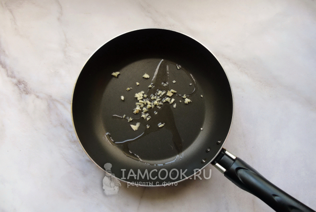 Чеснок очистите, нарежьте и выложите на сковороду с разогретым растительным маслом. Слегка поджарьте, до появления легкого запаха.
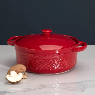HONBAY BakewareThis casserole dish is made of ceramic, and the surface is Lace embossed with 3 classic colors, just like an elegant artwork (we use an all-natural glaze, lead-free and non-toxic, you can rest assured that use). HONBAY Color: Christmas RedHONBAY
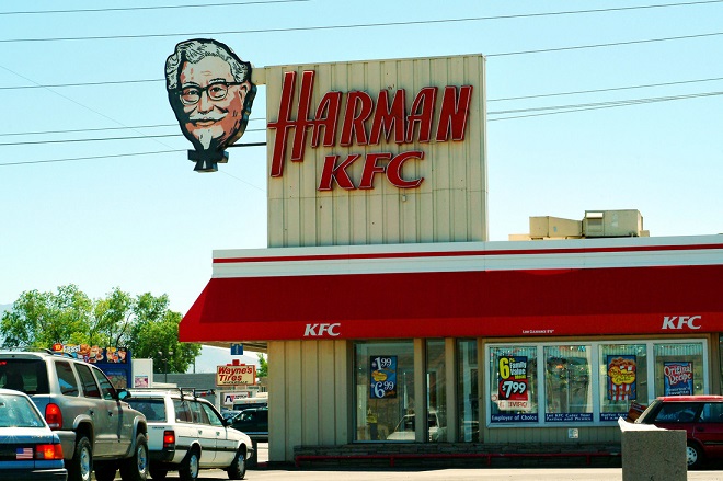 SALT LAKE CITY, UT - AUGUST 12: The first KFC site, located at 3900 South at State Street still does business August 12, 2002 in south Salt Lake City, Utah. KFC, with 11,815 locations worldwide, including 5,399 in the United States, is celebrating its 50th anniversary. Colonel Harland Sanders persuaded Pete Harman to add his specialty chicken, coated with a blend of 11 herbs and spices, to the menu of Harman's cafe in August 1952. The dish became an instant hit. (Photo by Danny La/Getty Images) Getty Images

- - - - -

» What you should do: Every line above is to be given again exactly, apart from the pictures.

» Your response:
 Чеснок очистите, нарежьте и выложите на сковороду с разогретым растительным маслом. Слегка поджарьте, до появления легкого запаха.
HONBAY BakewareThis casserole dish is made of ceramic, and the surface is Lace embossed with 3 classic colors, just like an elegant artwork (we use an all-natural glaze, lead-free and non-toxic, you can rest assured that use). HONBAY Color: Christmas RedHONBAY
 SALT LAKE CITY, UT - AUGUST 12: The first KFC site, located at 3900 South at State Street still does business August 12, 2002 in south Salt Lake City, Utah. KFC, with 11,815 locations worldwide, including 5,399 in the United States, is celebrating its 50th anniversary. Colonel Harland Sanders persuaded Pete Harman to add his specialty chicken, coated with a blend of 11 herbs and spices, to the menu of Harman's cafe in August 1952. The dish became an instant hit. (Photo by Danny La/Getty Images) Getty Images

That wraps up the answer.